◆ Required work
Two lines below mark the span: the one containing "L'automezzo è attrezzato" and the one containing "Per usufruire del". Set down both, plus every line between, exactly as they stand, and nothing else.

====== Data under study

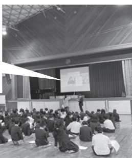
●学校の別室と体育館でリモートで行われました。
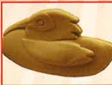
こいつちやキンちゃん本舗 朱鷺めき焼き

============
====== Data under study

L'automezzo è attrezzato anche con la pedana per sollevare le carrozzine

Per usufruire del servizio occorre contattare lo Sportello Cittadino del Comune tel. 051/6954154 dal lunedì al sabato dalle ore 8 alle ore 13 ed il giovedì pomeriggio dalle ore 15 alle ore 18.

============

◆ Exercise answer
L'automezzo è attrezzato anche con la pedana per sollevare le carrozzine

Per usufruire del servizio occorre contattare lo Sportello Cittadino del Comune tel. 051/6954154 dal lunedì al sabato dalle ore 8 alle ore 13 ed il giovedì pomeriggio dalle ore 15 alle ore 18.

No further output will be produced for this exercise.